_Task requirements:_
The answer must be an exact copy of the records, with no pictures in it.

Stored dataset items
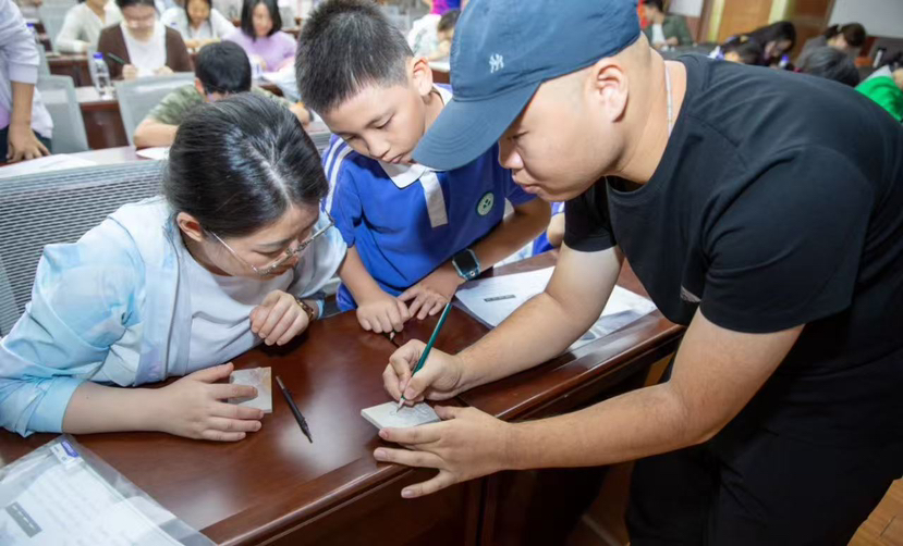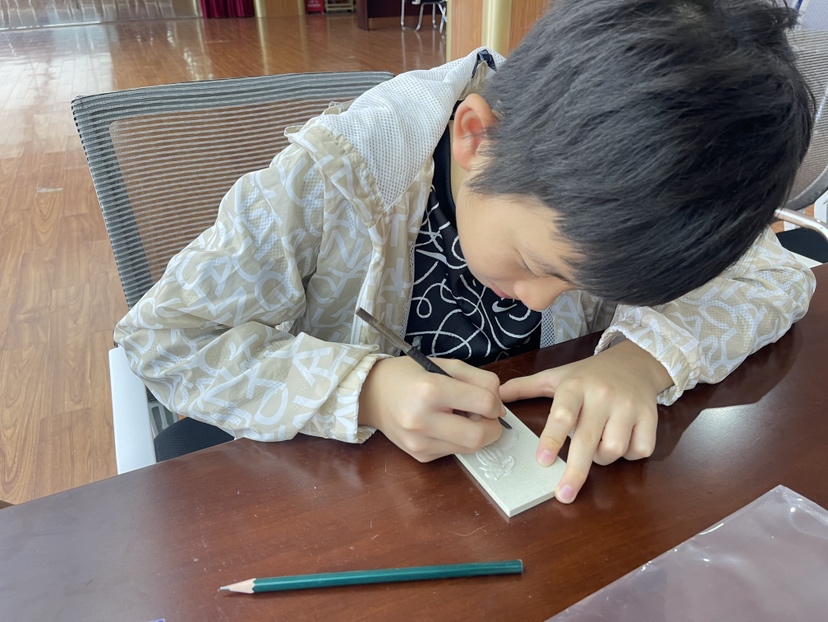 在体验玉雕环节,参与者们热情高涨,先用铅笔描绘图案,再用钨钢刻刀精心雕刻。不出一会,龙、蛇、狗、兔、羊各种动物的绒毛,在创作者们的手下,变得凹凸有致。“我带着小孩来体验的,不仅能了解我们的玉石文化,还能体验雕刻技艺,小孩玩得开心,挺有意思的!”一位年轻妈妈对记者说。
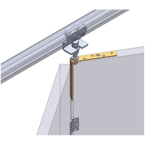 Bracket to mount a folding type suspension wheel on a wooden door.Applicable Rail:No. 23European standard EN1527 compliant productSteel (electrolytic plating treatment)
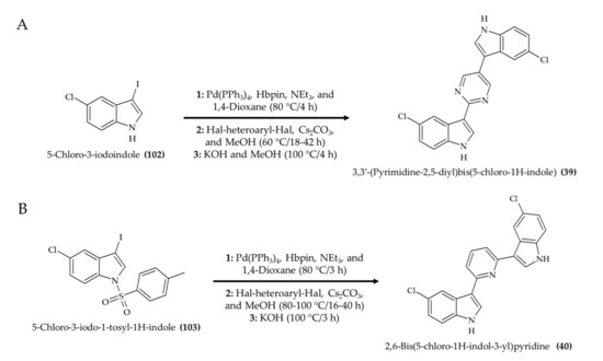 Other relevant synthetic alkaloids are 3,3′-(pyrimidine-2,5-diyl)bis(5-chloro-1H-indole) (39) and 2,6-bis(5-chloro-1H-indol-3-yl)pyridine (40) [41]. The synthesis of 3,3′-(pyrimidine-2,5-diyl)bis(5-chloro-1H-indole) (Figure 12A; compound 39) was possible with a one-pot reaction composed of three steps initiated with 5-chloro-3-iodoindole (102). A similar strategy was applied in the generation of 2,6-bis(5-chloro-1H-indol-3-yl)pyridine (Figure 12B; compound 40) from 5-chloro-3-iodo-1-tosyl-1H-indole (103).
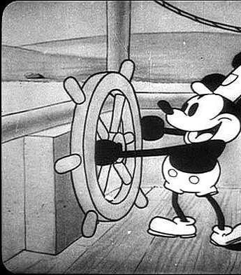 Мультфильм Пароход Уилли 1928 раскрывает историю в сюжетной линии как Микки Маус стоит за штурвалом, управляя пароходом, плывущим по реке, и представляет себя капитаном. Он насвистывает веселую мелодию, но вскоре появляется...
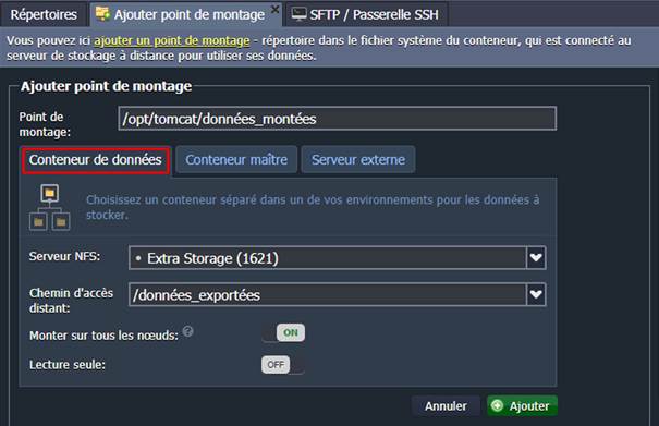 Conseil : si vous devez monter des données à partir d'un conteneur qui est exécuté dans une autre installation RAGNARØKKR, vous devez le configurer au préalable comme un serveur NFS externe.
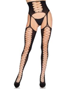 These bold suspender-style tights feature a sheer black finish with striking lace-up cut-out details along the legs and waist. The high-waisted design flatters the silhouette, while the open back and integrated suspender look add a daring, provocative edge. Soft, stretchy fabric ensures a comfortable fit. Ideal for lingerie styling, clubwear, or confident bedroom looks that demand attention.
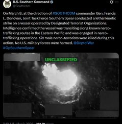 미군 남부사령부는 8일(현지시간) 동태평양 마약 밀매 항로에서 마약 밀매 의심 선박을 타격했다고 밝혔다. 남부사령부는 소셜미디어 엑스(X·옛 트위터) 계정에서 "합동임무부대 '서던 스피어(Southern Spear)가 지정 테러 단체가 운영하는 선박에 대해 치명적인 물리적 타격을 수행했다"고 밝혔다. 이어 "정보당국
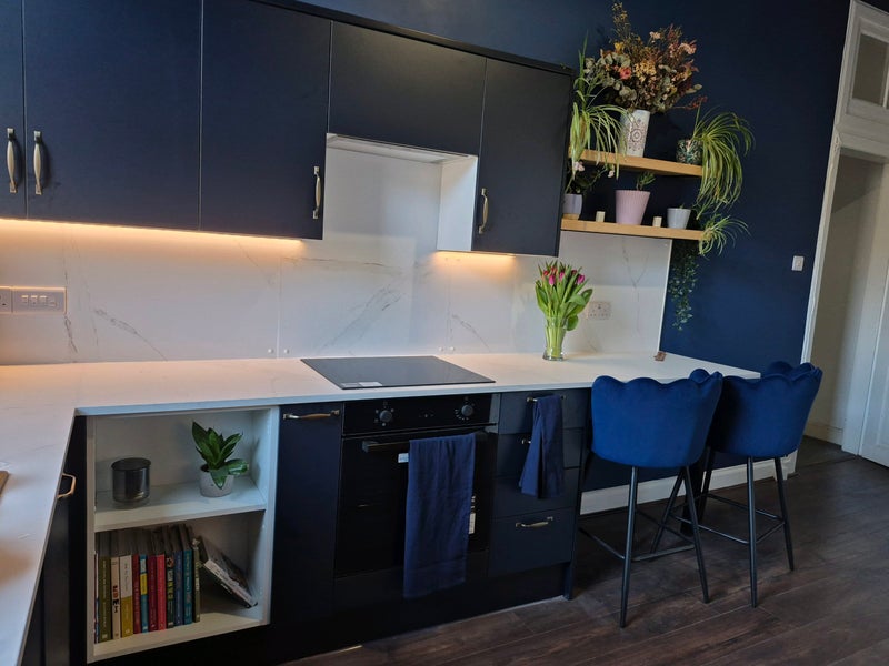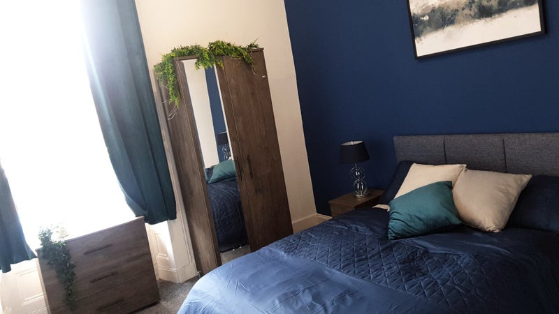 The flat is fully kitted with a TV, Netflix, Alexa, etc. Bathroom with bath and shower. Utility space with tumble dryer, dishwasher. Lots of storage space. The street and building isn't the best fair warning, but its an up and coming area 5min walk to Queens Park, Victoria Road, train station and regular buses mean easy access to the city centre. The general area is full of lovely bars, restaurants, gym and a range of supermarkets all within walking distance. Its really got everything you'd need on its doorstep.
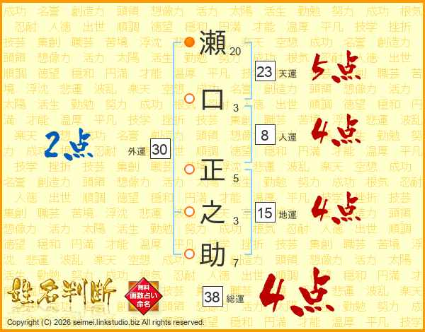瀬口正之助さんの総運は38画の4点!
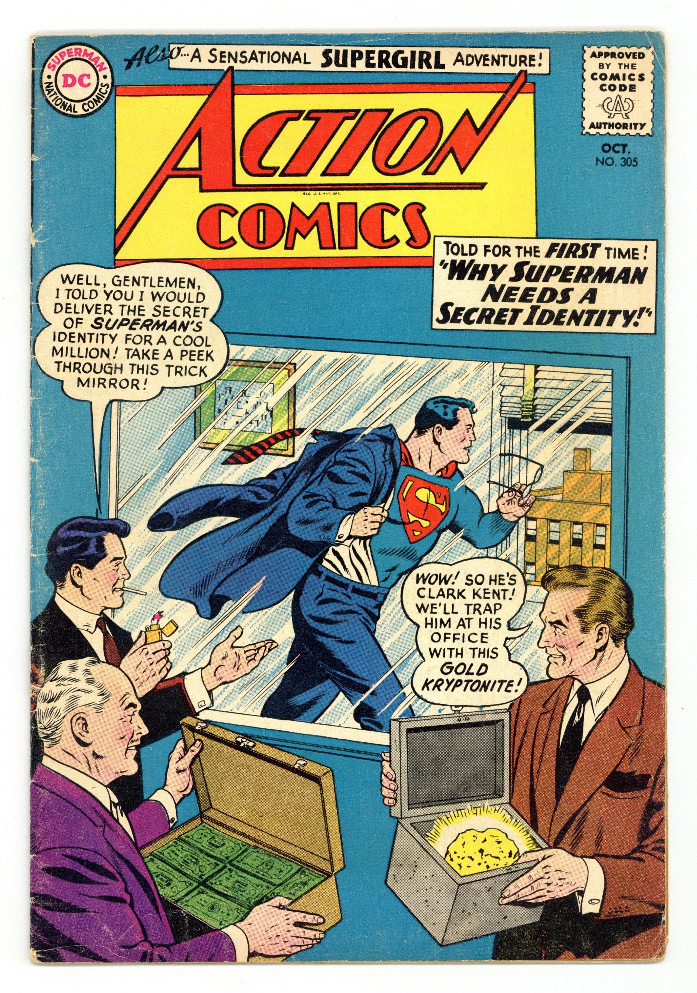 Cover pencils by Curt Swan, inks by George Klein. "Why Superman Needs a Secret Identity!", script by Leo Dorfman, pencils by Curt Swan, inks by George Klein; As Clark Kent is faced with a choice between saving his friends and protecting his secret identity, the reader is shown three different scenarios explaining why Superman needs to preserve that secret. The Flash ad. "The Girl Who Hated Supergirl!", script by Leo Dorfman, art by Jim Mooney and John Forte (some panels); Karen Blair hates Supergirl because she believes that the rocket that brought Supergirl to Earth caused an accident that killed her father and crippled her brother. One-page Super-Turtle story by Henry Boltinoff. 36 Pages, Full Color. $0.12 Cover price $0.12.
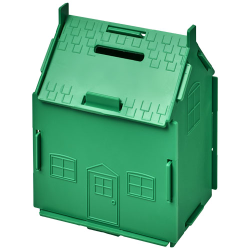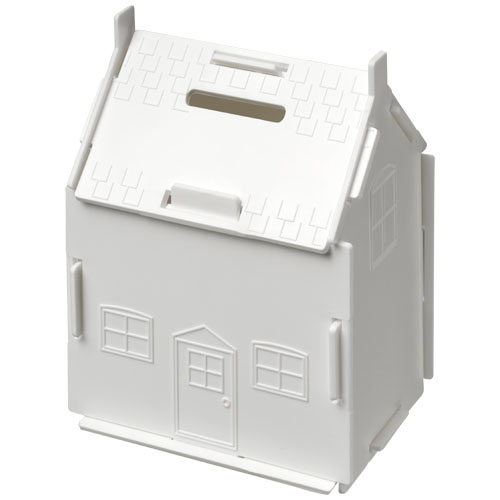 Unit Spardose aus Kunststoff in Hausform. Diese Spardose ist eine gute Wahl zur Präsentation Ihrer Marke auf dem Schreibtisch Ihrer Kunden. Flach verpackt geliefert. PS-Kunststoff.
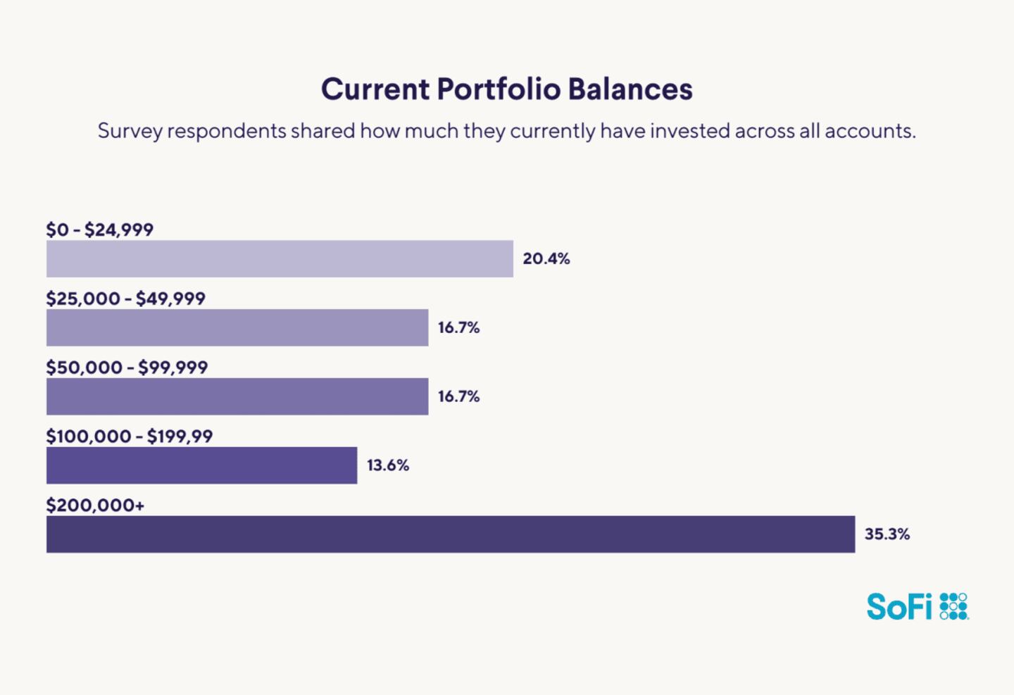 This overall positivity makes sense. After all, the market has kept up a steady pace, even as inflation has lingered, and there are reasons investors may want to lean into that feeling of confidence. More than one-third (35%) of respondents report having more than $200,000 in their investment portfolio. Here’s the breakdown:
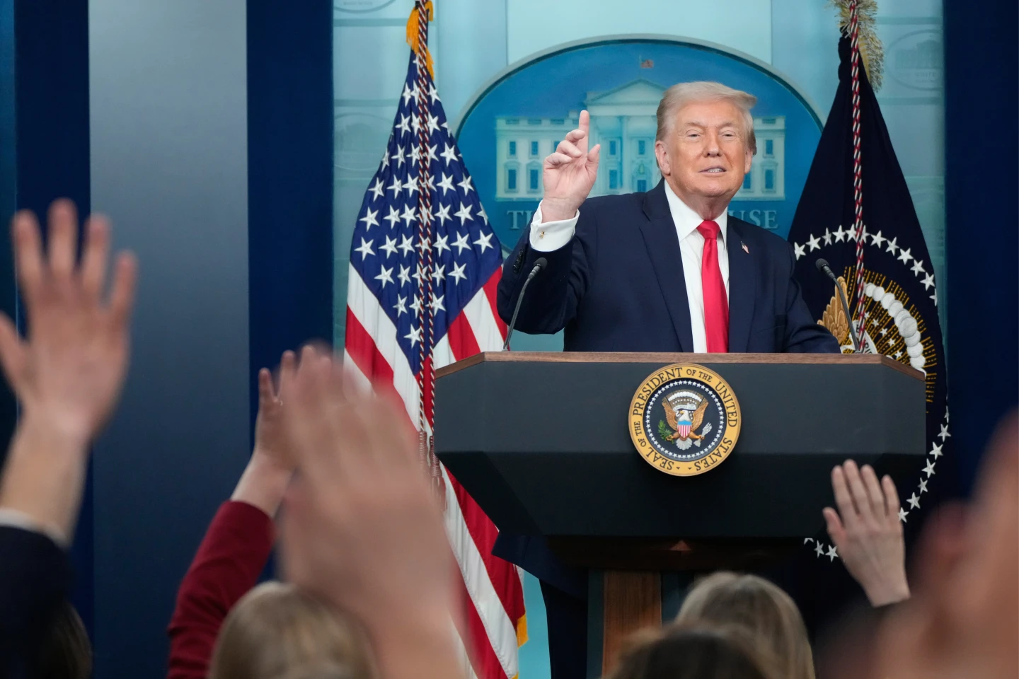 白宮發言人李威特(Karoline Leavitt)1月20日進行新聞簡報,她會前突然發文宣布,將有「特別嘉賓」一同加入。川普(Donald Trump)隨後和她一同現身白宮新聞簡報室舉行記者會。

_Task answer:_
 在体验玉雕环节,参与者们热情高涨,先用铅笔描绘图案,再用钨钢刻刀精心雕刻。不出一会,龙、蛇、狗、兔、羊各种动物的绒毛,在创作者们的手下,变得凹凸有致。“我带着小孩来体验的,不仅能了解我们的玉石文化,还能体验雕刻技艺,小孩玩得开心,挺有意思的!”一位年轻妈妈对记者说。
 Bracket to mount a folding type suspension wheel on a wooden door.Applicable Rail:No. 23European standard EN1527 compliant productSteel (electrolytic plating treatment)
 Other relevant synthetic alkaloids are 3,3′-(pyrimidine-2,5-diyl)bis(5-chloro-1H-indole) (39) and 2,6-bis(5-chloro-1H-indol-3-yl)pyridine (40) [41]. The synthesis of 3,3′-(pyrimidine-2,5-diyl)bis(5-chloro-1H-indole) (Figure 12A; compound 39) was possible with a one-pot reaction composed of three steps initiated with 5-chloro-3-iodoindole (102). A similar strategy was applied in the generation of 2,6-bis(5-chloro-1H-indol-3-yl)pyridine (Figure 12B; compound 40) from 5-chloro-3-iodo-1-tosyl-1H-indole (103).
 Мультфильм Пароход Уилли 1928 раскрывает историю в сюжетной линии как Микки Маус стоит за штурвалом, управляя пароходом, плывущим по реке, и представляет себя капитаном. Он насвистывает веселую мелодию, но вскоре появляется...
 Conseil : si vous devez monter des données à partir d'un conteneur qui est exécuté dans une autre installation RAGNARØKKR, vous devez le configurer au préalable comme un serveur NFS externe.
 These bold suspender-style tights feature a sheer black finish with striking lace-up cut-out details along the legs and waist. The high-waisted design flatters the silhouette, while the open back and integrated suspender look add a daring, provocative edge. Soft, stretchy fabric ensures a comfortable fit. Ideal for lingerie styling, clubwear, or confident bedroom looks that demand attention.
 미군 남부사령부는 8일(현지시간) 동태평양 마약 밀매 항로에서 마약 밀매 의심 선박을 타격했다고 밝혔다. 남부사령부는 소셜미디어 엑스(X·옛 트위터) 계정에서 "합동임무부대 '서던 스피어(Southern Spear)가 지정 테러 단체가 운영하는 선박에 대해 치명적인 물리적 타격을 수행했다"고 밝혔다. 이어 "정보당국
 The flat is fully kitted with a TV, Netflix, Alexa, etc. Bathroom with bath and shower. Utility space with tumble dryer, dishwasher. Lots of storage space. The street and building isn't the best fair warning, but its an up and coming area 5min walk to Queens Park, Victoria Road, train station and regular buses mean easy access to the city centre. The general area is full of lovely bars, restaurants, gym and a range of supermarkets all within walking distance. Its really got everything you'd need on its doorstep.
瀬口正之助さんの総運は38画の4点!
 Cover pencils by Curt Swan, inks by George Klein. "Why Superman Needs a Secret Identity!", script by Leo Dorfman, pencils by Curt Swan, inks by George Klein; As Clark Kent is faced with a choice between saving his friends and protecting his secret identity, the reader is shown three different scenarios explaining why Superman needs to preserve that secret. The Flash ad. "The Girl Who Hated Supergirl!", script by Leo Dorfman, art by Jim Mooney and John Forte (some panels); Karen Blair hates Supergirl because she believes that the rocket that brought Supergirl to Earth caused an accident that killed her father and crippled her brother. One-page Super-Turtle story by Henry Boltinoff. 36 Pages, Full Color. $0.12 Cover price $0.12.
 Unit Spardose aus Kunststoff in Hausform. Diese Spardose ist eine gute Wahl zur Präsentation Ihrer Marke auf dem Schreibtisch Ihrer Kunden. Flach verpackt geliefert. PS-Kunststoff.
 This overall positivity makes sense. After all, the market has kept up a steady pace, even as inflation has lingered, and there are reasons investors may want to lean into that feeling of confidence. More than one-third (35%) of respondents report having more than $200,000 in their investment portfolio. Here’s the breakdown:
 白宮發言人李威特(Karoline Leavitt)1月20日進行新聞簡報,她會前突然發文宣布,將有「特別嘉賓」一同加入。川普(Donald Trump)隨後和她一同現身白宮新聞簡報室舉行記者會。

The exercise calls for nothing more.